So if $f$ is injective you have equality.

Answer 2

2) $f$ is injective.

Let $y \in f(A) \cap f(B).$

Then $y \in f(A)$ and $y \in f(B)$.

There is an $a \in A$ with $f(a)=y$.

Likewise ;

There is a $b \in B$ with $f(b)=y$.

Since $f$ injective : $a=b$, and

$x:=a=b$ where $x \in A \cap B$, i .e.

$f(x)=y \in f(A \cap B)$.

Answer 3

Let $y\in f(A \cap B)$. Then $y=f(x)$ for some $x\in A\cap B$. Thus $x \in A$ implies $f(x) \in f(A)$ and similarly $x \in B$ implies $f(x) \in f(B)$. Hence, it follows that $y = f(x) \in f(A) \cap f(B)$. This shows $f(A \cap B) \subset f(A) \cap f(B)$.

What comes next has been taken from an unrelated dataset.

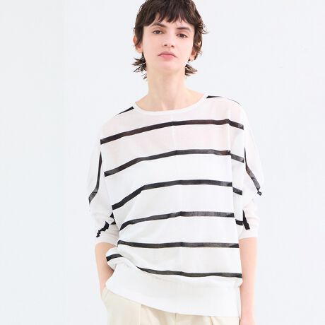 普通のボーダーTシャツだと子供っぽくなりがちですが、透け感があることで、大人に似合う「抜け感」と「色気」を兼ね備えたトップスに仕上がりました。
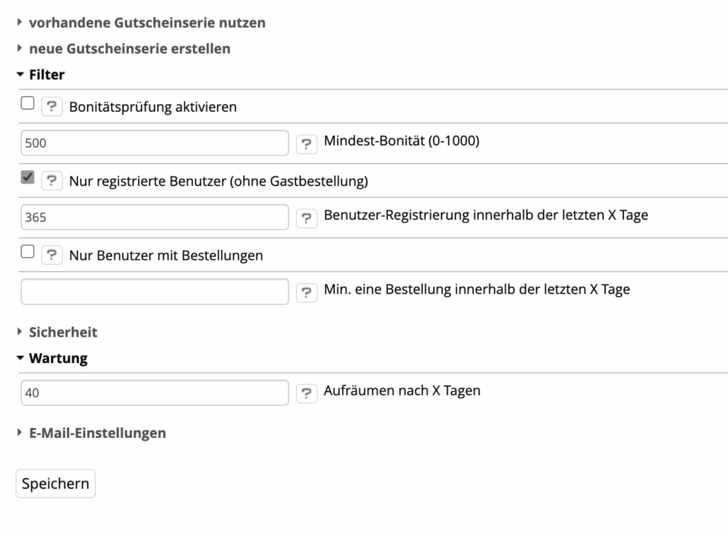 - Einstellung von Gültigkeitsdauer (in Tagen) und Mindestbestellwert

Further assume that $f$ is injective. Now, let $y \in f(A) \cap f(B)$ and thus, $y \in f(A)$ implies there is an $a\in A$ such that $f(a)=y$ and similarly $y \in f(B)$ implies there is an $b\in B$ such that $f(b)=y$. Since $f$ is injective and $f(a)=f(b)$, it must be that $a=b$. Thus, $a\in A\cap B$ since $a=b$ and $b\in B$. Thus $y= f(a) \in f(A \cap B)$. This shows that $f(A) \cap f( B) \subset f(A \cap B)$ if $f$ is injective. With the first part, you can conclude that $f(A \cap B) = f(A) \cap f(B)$ if $f$ is injective.